However, the time from the app changing what it's drawing in response to the key press to the change actually showing up on screen is >150ms (approx 8-9 frames worth). This is measured with a camera recording of the screen and keyboard at 60fps. (Note: It is true I do not have a way to measure how long it takes from key press to the app getting it. I am assuming it is <<150ms).
Therefore, the questions:
Where are graphics buffered between a call to swap buffers and actually showing up on screen? Why the delay? It sure looks like the app is drawing many frames ahead of the screen at all times.
What can an OpenGL application do to cause an immediate draw to screen? (ie: no buffering, just block until draw is complete; I don't need high throughput, I do need low latency)
What can an application do to make the above immediate draw happen as fast as possible?

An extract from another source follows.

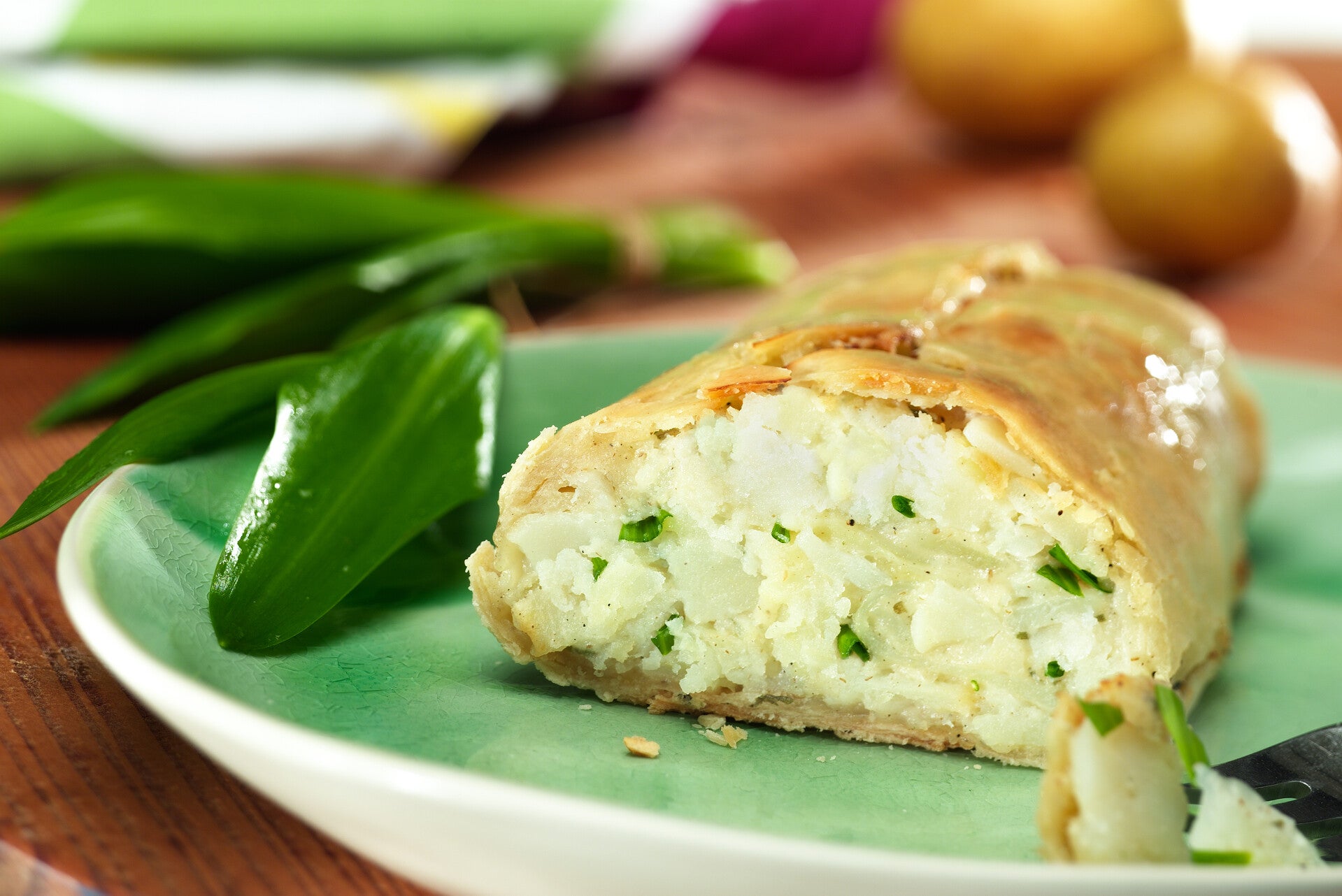 Dünn ausgerollter Strudelziehteig gefüllt mit frischen Kartoffeln, verfeinert mit Bärlauch, Sauerrahm, Gouda Käse und edlen Gewürzen wie Muskat und Kümmel, ungebacken zum Selberschneiden und tiefgefroren.

How can an application know what is actually on screen right now? (Or, how long/how many frames the current buffering delay is?)

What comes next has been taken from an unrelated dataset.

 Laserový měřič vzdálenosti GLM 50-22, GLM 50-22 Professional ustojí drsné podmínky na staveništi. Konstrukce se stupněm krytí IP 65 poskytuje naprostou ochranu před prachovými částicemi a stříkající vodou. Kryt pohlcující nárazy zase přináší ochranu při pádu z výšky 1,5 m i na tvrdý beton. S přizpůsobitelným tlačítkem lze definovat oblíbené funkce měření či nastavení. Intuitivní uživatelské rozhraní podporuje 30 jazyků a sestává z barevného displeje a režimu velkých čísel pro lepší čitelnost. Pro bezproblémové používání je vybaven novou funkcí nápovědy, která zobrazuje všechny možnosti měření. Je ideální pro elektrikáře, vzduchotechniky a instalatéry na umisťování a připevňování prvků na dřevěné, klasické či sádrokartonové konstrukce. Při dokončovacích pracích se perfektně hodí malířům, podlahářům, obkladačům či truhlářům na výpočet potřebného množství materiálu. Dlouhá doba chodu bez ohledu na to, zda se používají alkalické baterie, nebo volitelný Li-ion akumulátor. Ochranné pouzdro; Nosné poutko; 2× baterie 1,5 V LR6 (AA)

Where are graphics buffered between a call to swap buffers and actually showing up on screen? Why the delay? It sure looks like the app is drawing many frames ahead of the screen at all times.
The command is queued, whatever drawn to the backbuffer, waits till next vsync if you have set swapInterval and at the next vsync, this buffer should be displayed.

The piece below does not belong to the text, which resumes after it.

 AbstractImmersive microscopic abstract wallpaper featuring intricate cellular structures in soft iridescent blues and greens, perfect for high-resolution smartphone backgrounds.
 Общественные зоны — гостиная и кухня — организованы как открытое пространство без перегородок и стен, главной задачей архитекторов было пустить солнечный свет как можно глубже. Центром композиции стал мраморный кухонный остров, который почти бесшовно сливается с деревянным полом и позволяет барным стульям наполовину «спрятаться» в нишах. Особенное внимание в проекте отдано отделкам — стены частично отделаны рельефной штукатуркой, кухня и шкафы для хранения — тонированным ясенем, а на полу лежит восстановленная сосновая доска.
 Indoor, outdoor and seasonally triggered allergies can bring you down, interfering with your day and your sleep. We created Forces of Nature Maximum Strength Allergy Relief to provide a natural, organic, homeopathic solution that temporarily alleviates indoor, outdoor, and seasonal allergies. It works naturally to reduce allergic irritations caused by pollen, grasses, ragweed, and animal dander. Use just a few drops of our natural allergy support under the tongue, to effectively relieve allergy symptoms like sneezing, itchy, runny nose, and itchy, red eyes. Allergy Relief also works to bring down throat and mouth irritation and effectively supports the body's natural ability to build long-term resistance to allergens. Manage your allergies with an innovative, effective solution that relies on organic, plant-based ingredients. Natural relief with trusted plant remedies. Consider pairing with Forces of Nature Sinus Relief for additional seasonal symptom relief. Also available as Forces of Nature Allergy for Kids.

What can an OpenGL application do to cause an immediate draw to screen? (ie: no buffering, just block until draw is complete; I don't need high throughput, I do need low latency)
Use of glFinish will ensure everything is drawn before this API returns, but no control over when it actually gets to the screen other than swapInterval setting.
What can an application do to make the above immediate draw happen as fast as possible?
How can an application know what is actually on screen right now? (Or, how long/how many frames the current buffering delay is?)
Generally you can use sync (something like http://www.khronos.org/registry/egl/extensions/NV/EGL_NV_sync.txt) to find out this.
Are you sure the method of measuring latency is correct ? What if the key input actually has significant delay in your PC ? Have you measured latency from the event having been received in your code, to the point after swapbuffers ?

You must understand that the GPU has specially dedicated memory available (on board). At the most basic level this memory is used to hold the encoded pixels you see on your screen (it is also used for graphics hardware acceleration and other stuff, but that is unimportant now). Because it takes time loading a frame from your main RAM to your GPU RAM you can get a flickering effect: for a brief moment you see the background instead of what is supposed to be displayed. Although this copying happens extremely fast, it is noticeable to the human eye and quite annoying.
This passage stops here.